Your response should be an exact transcription of the data, images excluded.

- [Data extract]
* * *

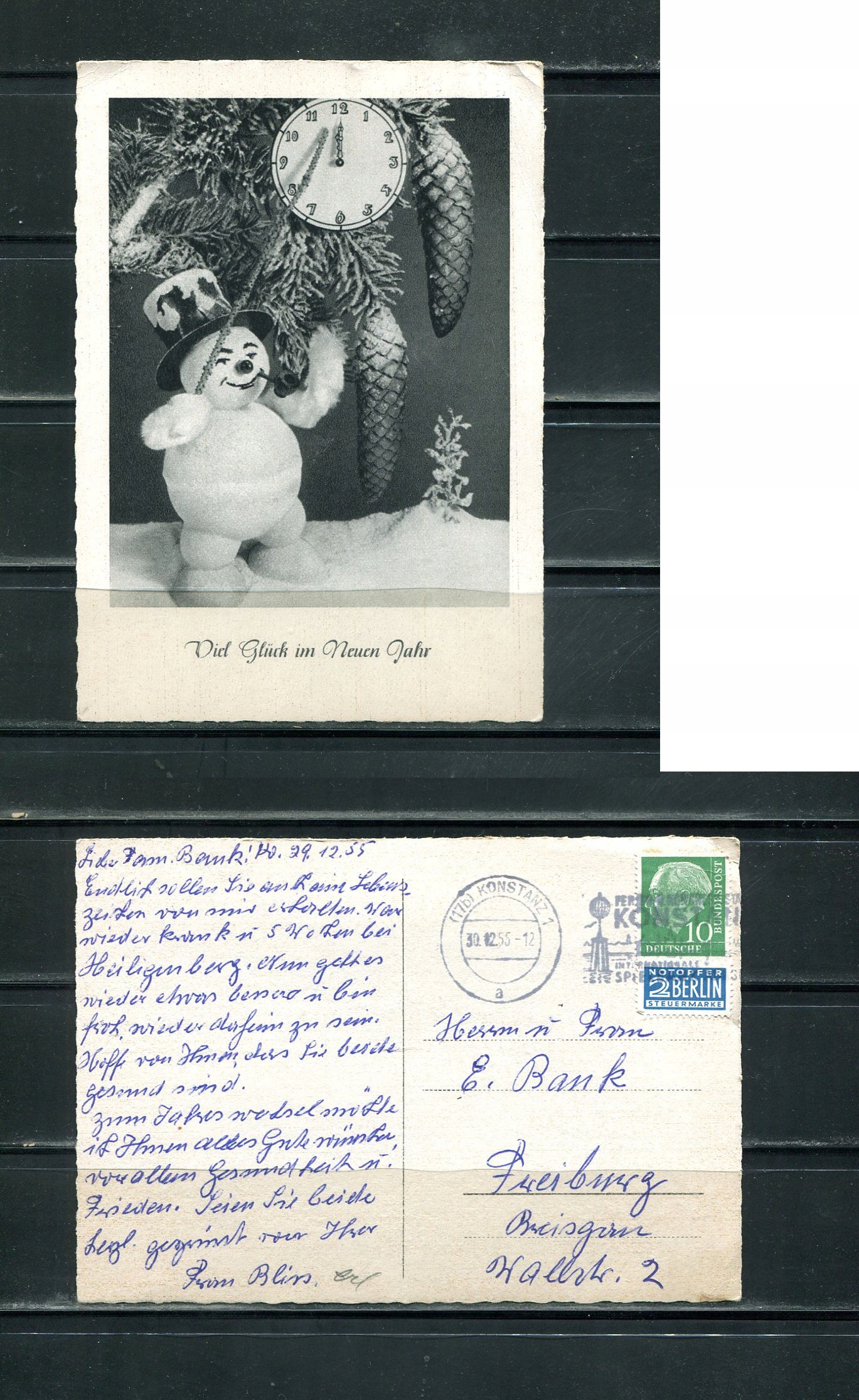 K14546)Karta gratulacyjna: Nowy Rok, wyslany 1955
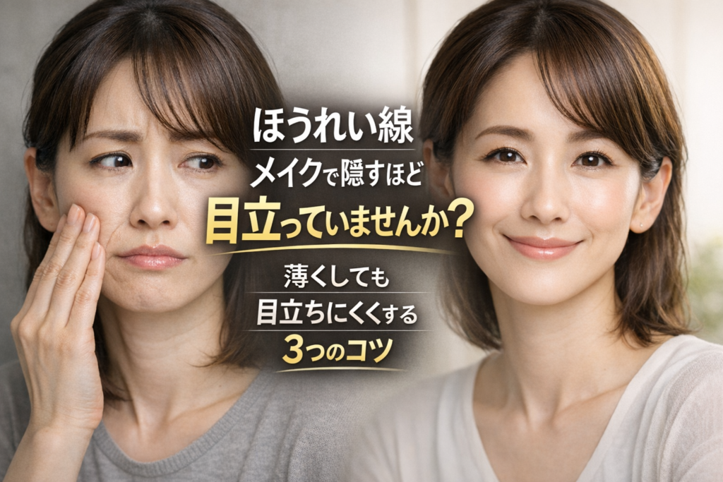 ほうれい線をメイクで完全に消そうとすると、かえって溝や影が強調されて老けて見えることがあります。大切なのは、厚塗りで隠すことではなく、乾燥を防ぎ、影をやわらげ、顔全体の重心を上げて見せることです。浅い段階ならメイクでかなり印象を整えやすい一方で、夕方に必ずヨレる、線にファンデがたまる、ノーメイクとの差が大きいという場合は、メイクだけでは限界が出ていることもあります。
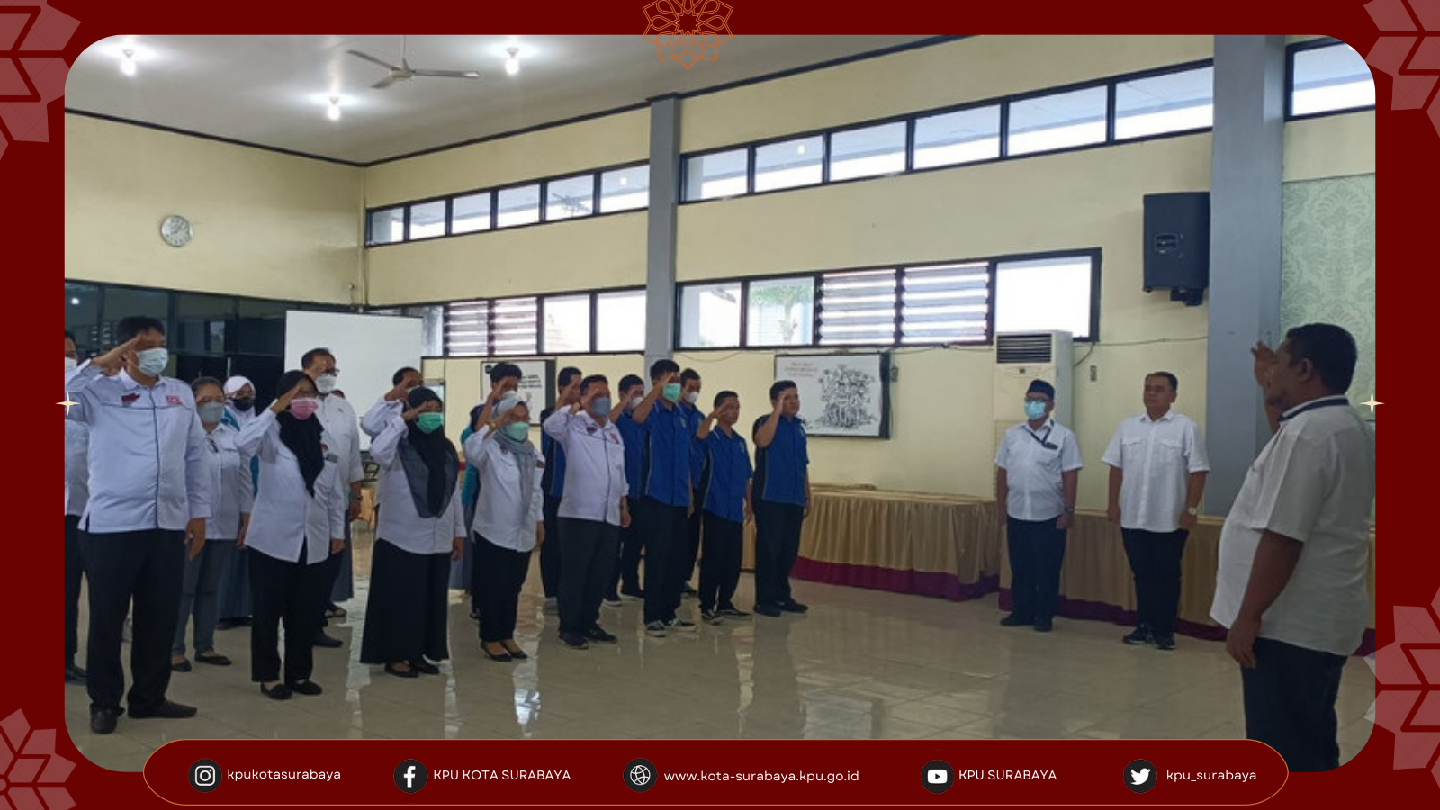 Surabaya, kota-surabaya.kpu.go.id – Senin pagi (28/03/2022), KPU Surabaya menyelenggarakan apel di ruangan tertutup yang berada di Graha Sawunggaling, lantai 3, kantor KPU Surabaya. Apel yang dilaksanakan tepat pukul 8 pagi ini diikuti oleh jajaran Pimpinan dan Staf. Kegiatan yang rutin dilaksanakan setiap Senin pagi ini sekaligus menjadi momen untuk berkoordinasi secara kesuluruhan mulai level Pimpinan sampai Staf.
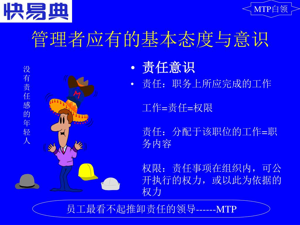 MTP白领 管理者应有的基本态度与意识 没有责任感的年轻人 • 责任意识 • 责任:职务上所应完成的工作工作=责任=权限责任:分配于该职位的工作=职务内容权限:责任事项在组织内,可公开执行的权力,或以此为依据的权力 员工最看不起推卸责任的领导------MTP

* * *

- [Task answer]
 K14546)Karta gratulacyjna: Nowy Rok, wyslany 1955
 ほうれい線をメイクで完全に消そうとすると、かえって溝や影が強調されて老けて見えることがあります。大切なのは、厚塗りで隠すことではなく、乾燥を防ぎ、影をやわらげ、顔全体の重心を上げて見せることです。浅い段階ならメイクでかなり印象を整えやすい一方で、夕方に必ずヨレる、線にファンデがたまる、ノーメイクとの差が大きいという場合は、メイクだけでは限界が出ていることもあります。
 Surabaya, kota-surabaya.kpu.go.id – Senin pagi (28/03/2022), KPU Surabaya menyelenggarakan apel di ruangan tertutup yang berada di Graha Sawunggaling, lantai 3, kantor KPU Surabaya. Apel yang dilaksanakan tepat pukul 8 pagi ini diikuti oleh jajaran Pimpinan dan Staf. Kegiatan yang rutin dilaksanakan setiap Senin pagi ini sekaligus menjadi momen untuk berkoordinasi secara kesuluruhan mulai level Pimpinan sampai Staf.
 MTP白领 管理者应有的基本态度与意识 没有责任感的年轻人 • 责任意识 • 责任:职务上所应完成的工作工作=责任=权限责任:分配于该职位的工作=职务内容权限:责任事项在组织内,可公开执行的权力,或以此为依据的权力 员工最看不起推卸责任的领导------MTP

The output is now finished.